Gekündigt – weil Lukas zu laut war

von Redaktion

Vermieter verklagt Eltern mit behindertem Elfjährigen: Familie aus Schäftlarn soll Wohnung räumen

Diese Familie aus Schäftlarn soll ihre Wohnung räumen: Markus und Ulrike L. mit ihrem Sohn Lukas (11). © JANTZ

Schäftlarn – Vier Buchstaben haben das Leben des heute elfjährigen Lukas für immer verändert: Seit seiner Geburt leidet der Bub an der genetischen Erkrankung IDIC 15. „Er hat eine schwere Entwicklungsstörung“, berichten seine Eltern Markus und Ulrike L. – sie kümmern sich jeden Tag liebevoll um ihren Sohn. Gemeinsam lebt die Familie in Schäftlarn im Landkreis München seit zehn Jahren zur Miete. Ob sie die Wohnung behalten können, ist allerdings unklar. Denn: Ihr Vermieter hat ihnen bereits im November 2025 gekündigt.

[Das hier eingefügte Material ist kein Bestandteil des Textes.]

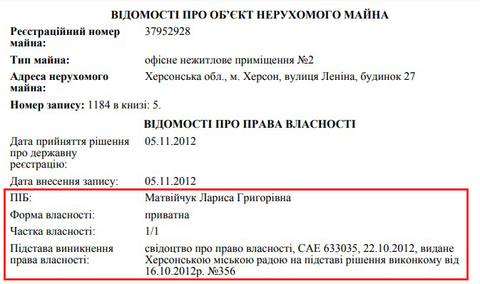 У подружжя також є два гаражі, паркінг та офісне приміщення у Херсоні на 157 кв. м. Останнє теж було надане Ларисі Матвійчук Херсонською міською радою на підставі рішення виконкому. У 2012 році воно коштувало аж 420 000 грн, або приблизно 52 000 доларів.
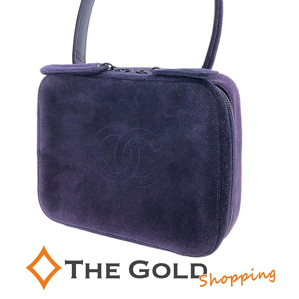 3. シャネル スエード スクエアハンドバッグ 5番台 トップハンドル パープル 紫 ココマーク CHANEL 【中古】
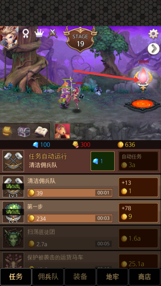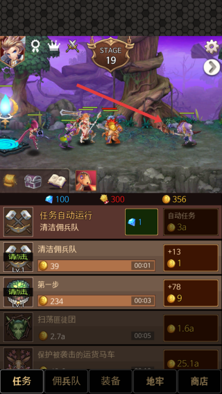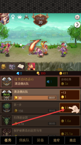 1、進(jìn)入關(guān)卡的頁面,下面可查看清潔傭兵隊和任務(wù)運(yùn)行,自動戰(zhàn)斗模式下,優(yōu)先點(diǎn)擊上方屏幕攻擊敵方。

Der Grund: Nachbarn hatten sich mehrfach über angeblichen Lärm des behinderten Jungen beschwert, der seine Laute und Bewegungen nicht immer kontrollieren kann. Ein Schock für die Eltern: „Wir hatten jahrelang ein gutes Verhältnis zu den Nachbarn, sie kennen unseren Lukas“, sagen sie. Er sei in der Regel ein zufriedener und ausgeglichener Mensch. Aber wie bei jedem Kind gebe es eben auch mal kurze Proteste.

Seit Weihnachten 2023 hat das Verhältnis zu manchen Nachbarn Risse. Die Situation kippte, als Lukas eine schwere Infektionskrankheit durchlitt. „Er weinte viel, sein Schlafrhythmus war gestört“, berichtet Markus L. Die Situation mit zwei Nachbarn wurde schwieriger. „Wir hatten ein Gespräch und ich erklärte ihnen, dass wir nicht vorhersagen können, wie sich die angeborene Krankheit entwickelt – kein Arzt konnte das.“ Die Familie organisierte sogar einen WhatsApp-Chat, in dem Nachbarn sich direkt an Lukas‘ Familie wenden konnten, wenn sie sich gestört fühlten. Später zog Lukas in ein anderes Zimmer um – alles, um Zoff zu vermeiden. Doch einzelne Nachbarn beschwerten sich weiterhin über lautes Schlagen, Trampeln und Schreien von Lukas – angeblich auch nachts.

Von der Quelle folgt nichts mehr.